What to produce —
Write the lines out again, from the top of the material to the line containing "in this case, $m4", pictures excluded.

Data —
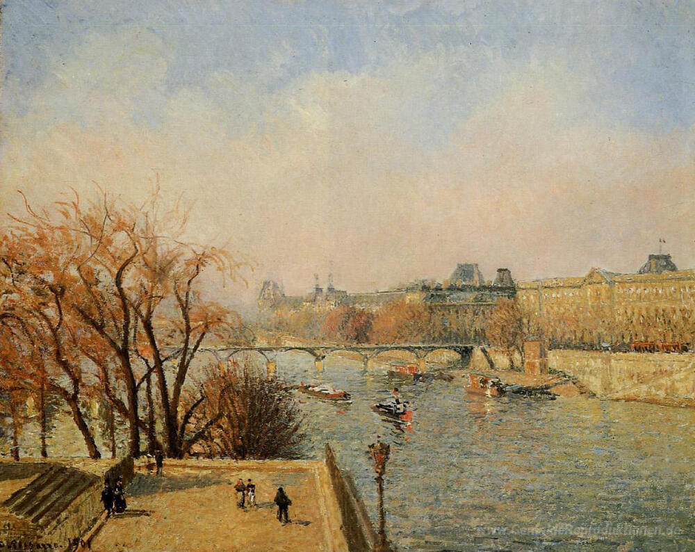 Wir bieten Ihnen eine handgefertigte Reproduktion auf Leinwand des berühmten Kunstwerks 'Der Louvre, Morgen, Sonnen' von Camille Pissarro, aus dem Reproduktionsmuseum.
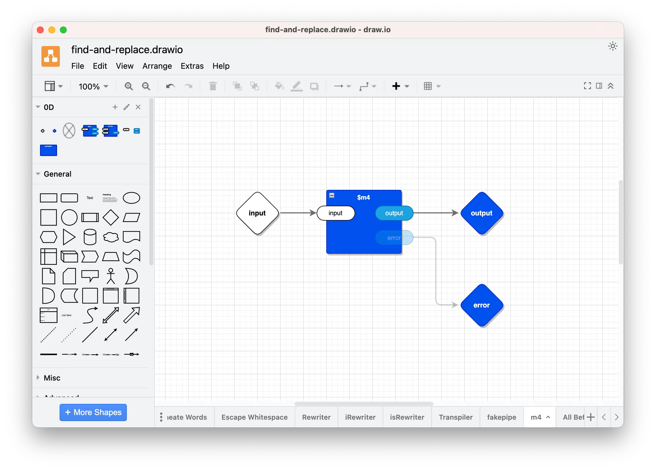 in this case, $m4 invokes the m4 command and gives it stdin from the input pin input
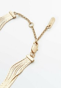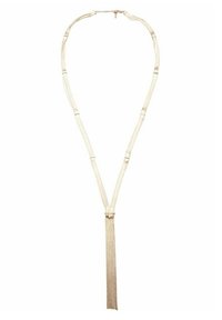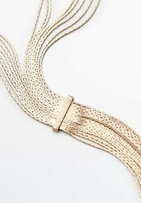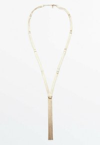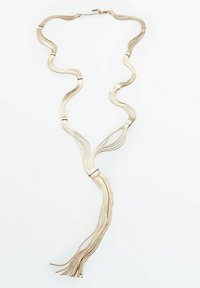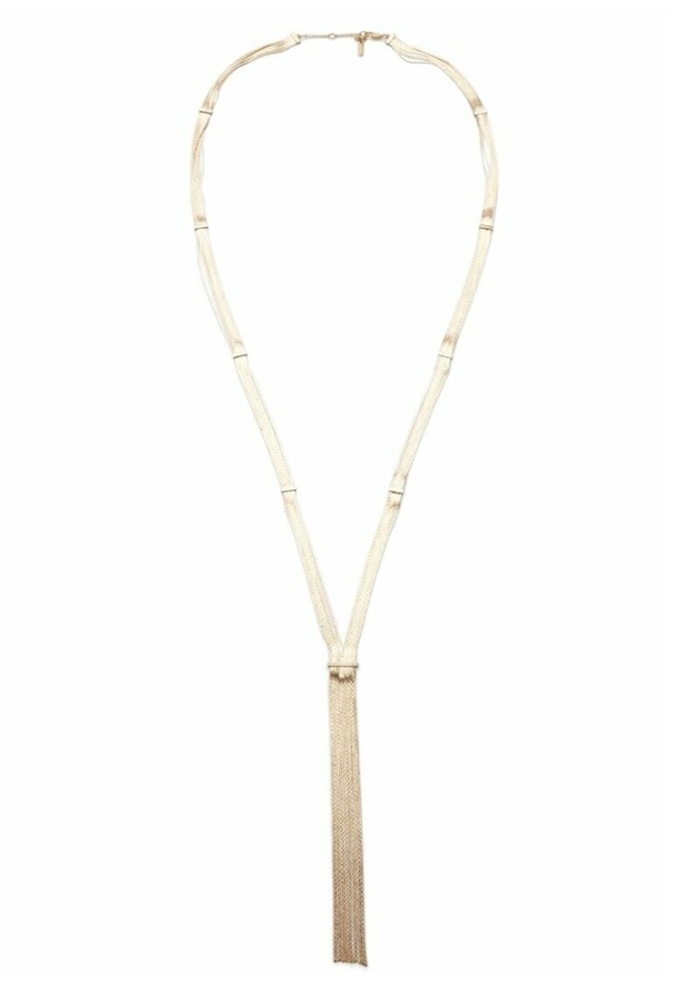 Collier long en chaîne dorée avec plusieurs fines chaînes et un pendentif en forme de pampille suspendu à l'extrémité centrale.

Completed task —
 Wir bieten Ihnen eine handgefertigte Reproduktion auf Leinwand des berühmten Kunstwerks 'Der Louvre, Morgen, Sonnen' von Camille Pissarro, aus dem Reproduktionsmuseum.
 in this case, $m4 invokes the m4 command and gives it stdin from the input pin input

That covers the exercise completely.